The chronicles of our frontier record the name of no more picturesque and striking figure than Houston. The fertile brain of George A. Henty could not have made to order a more satisfactory or wholly improbable hero. Though his exploits are a part of history, they read like the wildest fiction. That is why, perhaps, the dry-as-dust historians make so little mention of him. The incidents in his life would provide a moving-picture company with material for a year. Born in the Blue Ridge Mountains of Virginia, his father, who had been an officer in the Revolution, answered to the last roll-call when young Sam had barely entered his teens. The support of a large and growing family thus falling upon the energetic shoulders of Mrs. Houston, she packed her household goods in a prairie-schooner and moved with her children to Tennessee, then upon the very edge of civilization. Here Sam, who had learned his “three R’s” in such poor schools as the Virginia of those early days afforded, attended a local academy for a time. Translations of the classics having fallen into his hands, his imagination was captured by the exploits of the heroes of antiquity, and he asked permission of the principal to study Latin, which, for some unexplainable reason, was curtly refused him. Whereupon he walked out of the academy, declaring that he would never repeat another lesson.

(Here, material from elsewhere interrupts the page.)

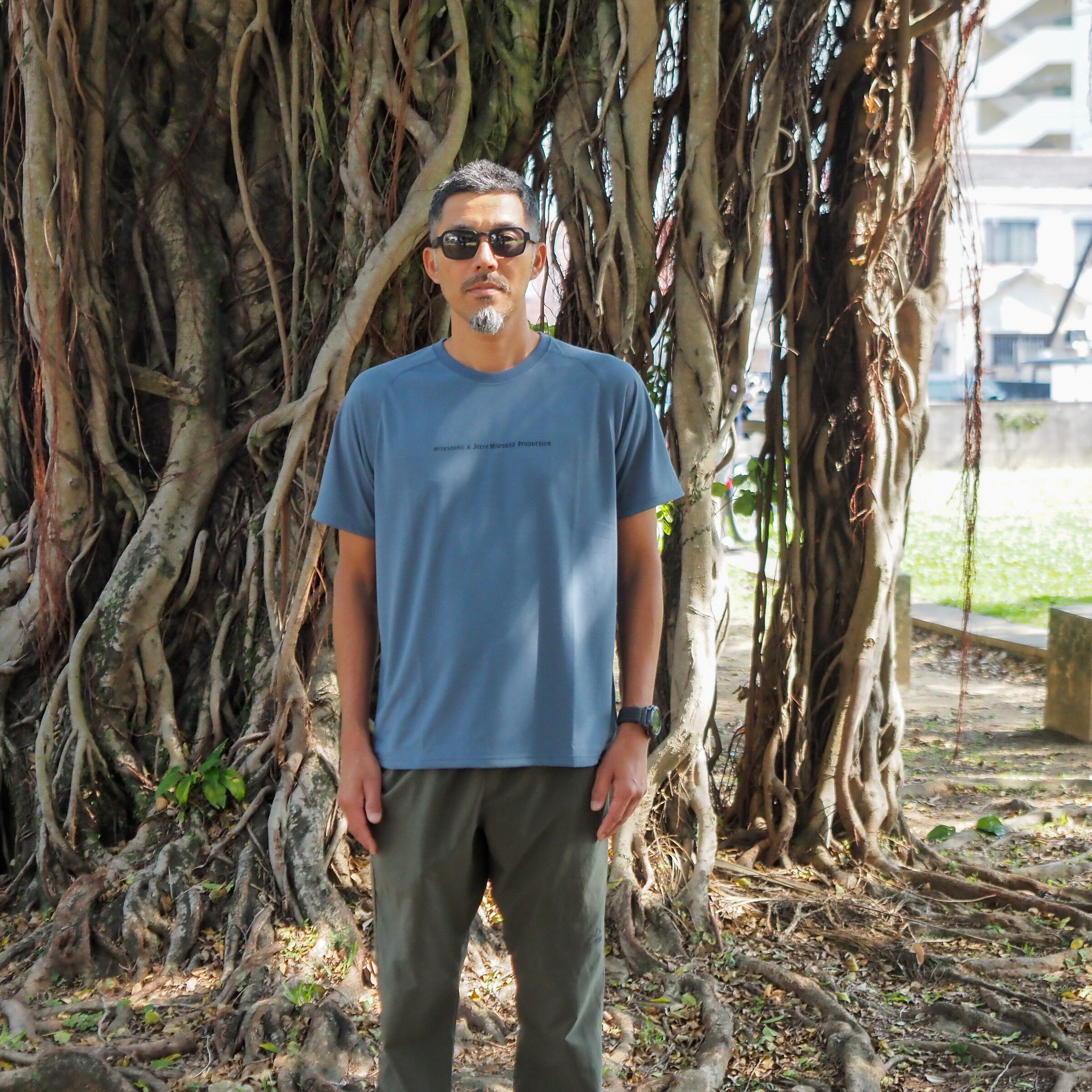 今年は背面にジェリーマルケスをプリント。ボディは定評のあるmilestoneのキャンバスTシャツを使用。 コットンライクなポリエステル生地なのでデイリーにもアクティビティにも使えます。

His family, who had scant sympathy with his romantic fancies, procured him a job as clerk in a crossroads store. Within a fortnight he was missing. After some months of anxiety his relatives learned that he was living among the Cherokee Indians across the Tennessee. When one of his brothers attempted to induce him to return home, young Sam answered that he preferred measuring deer tracks to measuring tape, and that, if he was not permitted to study Latin in the academy, he could at least dig it out for himself in the freedom of the woods. Houston dwelt for several years with his Cherokee friends, eventually being adopted as a son by the chieftain Oolooteka. Upon the outbreak of our second war with Great Britain he enlisted in the American army. Though his friends remonstrated with him for entering the army as a private soldier, his mother was made of different stuff. As he was leaving for the front she took down his father’s rifle and, with tear-dimmed eyes, handed it to her son. “Here, my boy,” she said bravely, though her voice quavered, “take this rifle and never disgrace it. Remember that I would rather that all my sons should lie in honorable graves than that one of them should turn his back to save his life. Go, and God be with you, but never forget that, while my door is always open to brave men, it is always shut to cowards.”